┌──

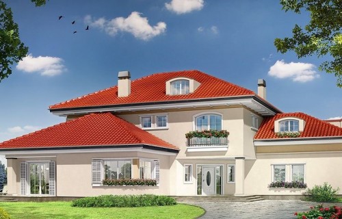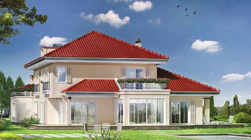 The Malibu house plan is an interesting proposition for people with a medium-wide plot. The house is characterized by an L-shaped body, which is very functional due to the clear division of the house into zones. An interesting element is the decorative bay window taken into account by the architect. In this design, the ridge runs parallel to the road, which is often referred to in zoning. The house has been designed to be freestanding. The design includes a double garage in the body of the building. It is also an excellent proposition for people looking for a house with an envelope roof, which is one of the most robust roof structures. The Malibu project is a two-story house, so we can afford a house with a larger area on a relatively small plot. The living area included in the project will surely satisfy people who like to enjoy time together with their family. It is made up of a functional kitchen that will delight every investor. Supporters of practical solutions will undoubtedly be pleased that there is also a place for a pantry. The day zone is also created by a spacious living room and dining room. Additionally, the living room has a fireplace, which gives the interior a unique atmosphere. The project includes one comfortable bathroom on the ground floor and two additional bathrooms on the first floor. The house has six comfortable bedrooms, which makes it an excellent choice for a family of 5-8 people. The space can also be used as a guest room or office. In addition to this, the house also has a utility room that you can use according to your needs. The terrace offers the possibility of contact with nature and is conducive to relaxation. In addition, the porch planned in the project will make it impossible for anyone to pass by this house. A winter garden planned in the house provides a comfortable rest in contact with nature. The house was designed in brick technology. the villa.
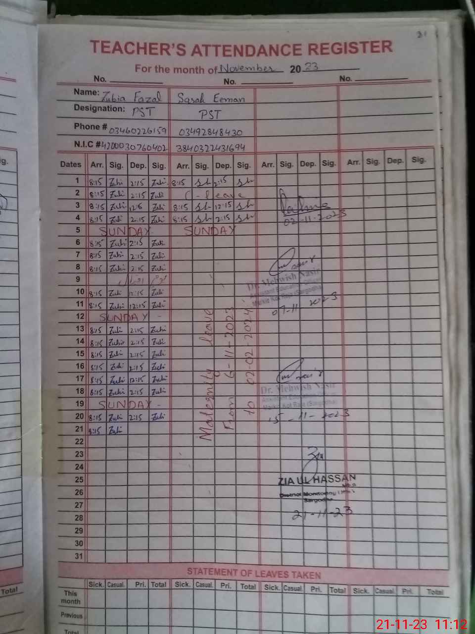 | Name: ZO**** FA**** Designation: (School Headmaster's/Headmistress's) PST Phone/Cell Number: 03**** |
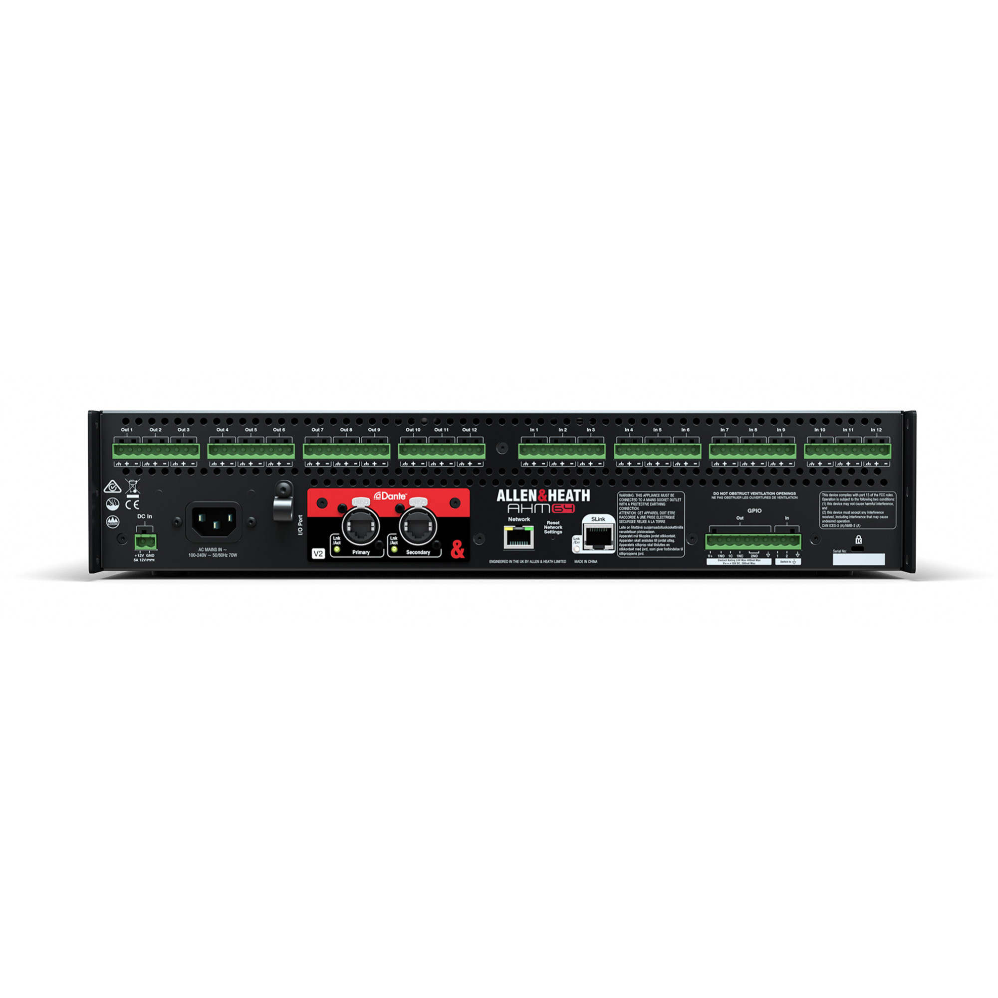 Allen & Heath AHM-64 – это передовой матричный звуковой процессор с 64×64 каналами, специально разработанный для эффективного управления звуком в корпоративных, розничных, гостиничных и других использованиях. Он позволяет быстро создавать масштабируемые звуковые системы, которые могут варьироваться от небольших комнат до целых кампусов.

└──

Copy every line above exactly; images stay out.

 The Malibu house plan is an interesting proposition for people with a medium-wide plot. The house is characterized by an L-shaped body, which is very functional due to the clear division of the house into zones. An interesting element is the decorative bay window taken into account by the architect. In this design, the ridge runs parallel to the road, which is often referred to in zoning. The house has been designed to be freestanding. The design includes a double garage in the body of the building. It is also an excellent proposition for people looking for a house with an envelope roof, which is one of the most robust roof structures. The Malibu project is a two-story house, so we can afford a house with a larger area on a relatively small plot. The living area included in the project will surely satisfy people who like to enjoy time together with their family. It is made up of a functional kitchen that will delight every investor. Supporters of practical solutions will undoubtedly be pleased that there is also a place for a pantry. The day zone is also created by a spacious living room and dining room. Additionally, the living room has a fireplace, which gives the interior a unique atmosphere. The project includes one comfortable bathroom on the ground floor and two additional bathrooms on the first floor. The house has six comfortable bedrooms, which makes it an excellent choice for a family of 5-8 people. The space can also be used as a guest room or office. In addition to this, the house also has a utility room that you can use according to your needs. The terrace offers the possibility of contact with nature and is conducive to relaxation. In addition, the porch planned in the project will make it impossible for anyone to pass by this house. A winter garden planned in the house provides a comfortable rest in contact with nature. The house was designed in brick technology. the villa.
 | Name: ZO**** FA**** Designation: (School Headmaster's/Headmistress's) PST Phone/Cell Number: 03**** |
 Allen & Heath AHM-64 – это передовой матричный звуковой процессор с 64×64 каналами, специально разработанный для эффективного управления звуком в корпоративных, розничных, гостиничных и других использованиях. Он позволяет быстро создавать масштабируемые звуковые системы, которые могут варьироваться от небольших комнат до целых кампусов.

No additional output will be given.